Amazon talks cybersecurity in the cloud for feds

The White House and some atypical federal contractors are out to calm fears among agency technology managers that outsourcing their computing to the cloud is a security nightmare waiting to happen.

Cloud computing, using on-demand hardware and software that is hosted online by a third party, might be gaining traction at some agencies. The Recovery Accountability and Transparency Board, which oversees stimulus spending, recently announced Amazon will host its money-tracking website Recovery.gov. But many chief information officers are only dipping their toes into Web-based information technology, uneasy about the possibility that data could be lost or hacked if an outside contractor is managing their information on the nebulous Internet.

Still, Federal CIO Vivek Kundra is pushing agencies to embrace the cloud within 10 years to cut IT costs and to gain flexibility that would allow them to serve the public better. To meet that deadline and to bridge a technology gap between the private and public sectors, he is trying to ease the procurement process for innovative, nontraditional vendors such as Amazon.com to provide federal services. The Seattle-based company has long hosted IT for corporations.

Kundra met in March with West Coast firms, including Amazon, "to discuss how government can improve how it is delivering services to the American people [and] to look at some of the impressive investments in next generation technologies," he wrote on the White House blog.

Aliya Sternstein interviewed Adam Selipsky, vice president of Amazon Web Services, to discuss federal manager's worries about IT security in the cloud.

Nextgov: When government officials are concerned about handing control of their data to a cloud services provider, what do you say to assure them of your networks' safety and security?

Selipsky: The word control is a good word. . . . I think there is often an initial fear of loss of control, but I think what most of them, such as Recovery.gov, Wall Street firms, large pharmaceutical firms, come to realize pretty quickly is that they are not relinquishing control of things that are really important to them. The data is going to be where you put it.

[Amazon offers organizations a choice of data centers located worldwide, including facilities in Ireland, Singapore and Northern Virginia.] We can guarantee that information will not leave that region unless you choose to move it. They also have a lot more control than they have traditionally had in terms of the computing resources they can bring to bear on their products. [Amazon's scale allows the company to apply significantly more security policing and countermeasures than almost any large company could afford, according to Amazon officials.]

Nextgov: The government typically has managed the physical security of its data centers, which is another reason federal officials might be reluctant to cede control. What steps does Amazon take to ensure that people cannot break into facilities that contain government data?

Selipsky: It's not just the physical security. It's about physical security, as well as security of the software and network layers. We think of security as an end-to-end issue. We use the same approaches that governments and large organizations have used for decades and are using today -- and then we add some things on top.

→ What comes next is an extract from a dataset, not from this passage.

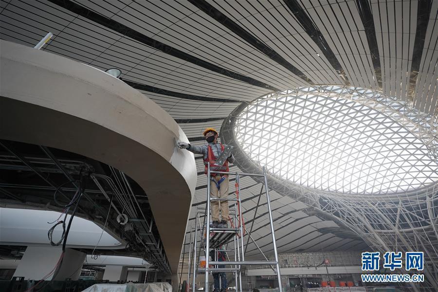 在北京大興國際機(jī)場主航站樓內(nèi),施工人員在進(jìn)行裝飾裝修工作。新華社記者 鞠煥宗 攝 圖片來源:新華網(wǎng)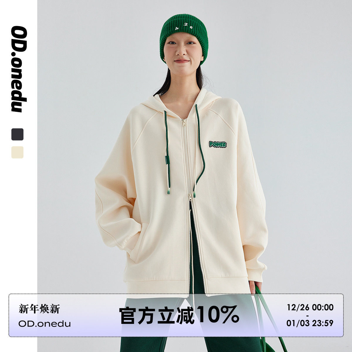 OD 双头拉链连帽空气层宽松外套女字母抽绳连帽卫衣开衫春秋新款

[As far as physical security,] it's the typical nondescript buildings that are not heavily advertised. . . . It's strict logging of anyone who has physical access to the facilities, video surveillance. We do appropriate background checks on every employee entering the facility. We give the ability to encrypt your data.

Nextgov: Your company offers a networking security service called the Amazon Virtual Private Cloud. What makes this service different from other cloud providers' data protection tools?

Selipsky: It simply makes Amazon Web Services look like another data center that they own or control. . . . It's a secure bridge between the agency's own [information security management] infrastructure and the AWS cloud.

Nextgov: How do you address the concern that a federal department's information will accidentally become stored with another client of yours?

Selipsky: There's basically no way for that mixing to happen. With the Virtual Private Cloud you really do create the same security measures that the company already has. . . .[It] allows you to cordon off your own private corner.

Nextgov: How many physical locations typically store a government customer's data to ensure adequate backup and disaster recovery?

Selipsky: We make multiple redundant copies in separate physical facilities. A tornado or a lightning strike is not going to take out the facilities where you have your data. We have multiple data centers within a specific region.

Nextgov: What do you say to federal officials who are worried about Amazon employees accessing government files?

Selipsky: A lot of organizations have issues with even knowing what assets are in place. Those are all access points into the network. It's incredibly hard for the CIO to know about all of those access points into the network. [On AWS], with a single command, a CIO can get a listing of every resource that is running in the AWS cloud. There is complete visibility and knowability of all assets.

We have strict policies on who can access what. There really is no way for AWS [personnel] to access an agencies' data if it's been encrypted. We have strict and effective logging so that if anyone did attempt to do anything that was technically feasible while prohibited, we would have instant visibility into who was doing that.